At breakfast Friday, no sooner had Minister of Industry Pou Sot­hi­rak—who won the seat for Fun­cinpec in 1993 and is now a Rea­str Niyum candidate­––­sat down with his entourage than in strolls Fun­­cinpec candidate Sisowath Phan­­da­ravong with supporters. 

Smiles, greetings and lots of jo­king about who will spoil whose ap­petite—after all, these people were on the same side in 1993. Their friendships go way back.

And that was just breakfast. The night before, as Pou Sothi­rak’s group sat down to eat at an oceanside restaurant, CPP candidate Ith Sam Heng walked past with a group of supporters. Nervous waiters ushered the CPP group past the tables while polite greetings were exchanged.

“We see each other all the time,” said Pou Sothirak. “I am friendly with them, I wish them well. Our party is dedicated to the principle that Cambodians should get along with Cambodians.”

Nady Tan, secretary-general of the Council of Ministers and candidate for Reastr Niyum in Kom­pong Cham, joined Pou Soth­irak for the last days of the campaign. On the high­way, he waved when he passed a truck carrying supporters of an opposing party.
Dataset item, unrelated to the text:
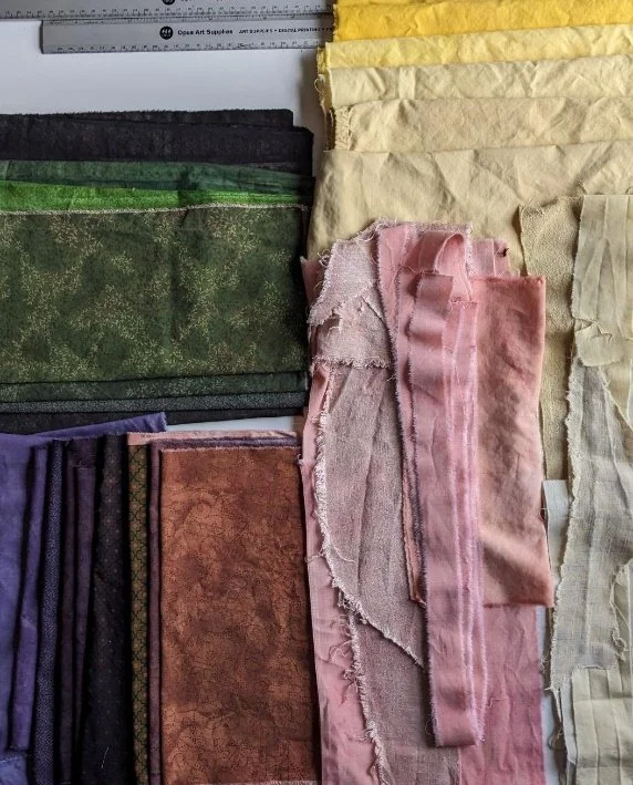A new year, and an opportunity for another fresh start, so I have begun a new slow stitching project. I expect it to take me months! I am using up some natural dyes collected over the years: madder, logwood, saffron, Hopi tea, turmeric and onion skins. I selected about a kilo of recycled cotton or linen pieces and scraps, because both are plant fibres.

He did not, however, manage a wave when the motorcade of Prince Norodom Ranariddh swept by. Last election, he was a key part of the prince’s campaign team; now he is his opponent.

But it is not like in 1993, said Nady Tan: “Things were so dangerous then, sometimes we would have to change hotels three times in one night because we were being threatened.” Now greetings may be more or less genial, but they are exchanged.

Only in the villages can a candidate expect to receive the undivi­ded attention of his constituents. In remote Koh Kchang village, close by the ocean, where most inhabitants live off fishing, the turnout is overwhelming.

On Thursday, Pou Sothirak de­dicated a school building and cere­monially handed over the keys to the schoolmaster amid cheers. “Before, they had to teach under the trees,” said Pou Sothi­rak. “The people in this village are very poor.” The visitors handed out stacks of school notebooks, kilos of rice and assorted goodies.

Pou Sothirak, a US-educated 41-year-old, worked as a Boeing engineer be­fore re­turning to Cam­bo­dia and being elected to represent Siha­nouk­­ville as a Funcinpec member.

Back in Sihanoukville, he took the microphone and talked about economic development in Cam­bodia and Si­ha­nouk­ville. The most important thing is peace and security, he said. Then the civil service must be refor­med so bureaucrats are neutral. And Cambodia’s vast supply of illegal weapons must be controlled.

As his campaign reached a cre­s­cendo Friday morning, Pou So­thirak addressed a meeting in the town center before heading out with a cavalcade of 500 motorcycles charged with the task of circling the town twice, waving flags and, if possible, avoiding col­li­sions with other motorcades doing similar things.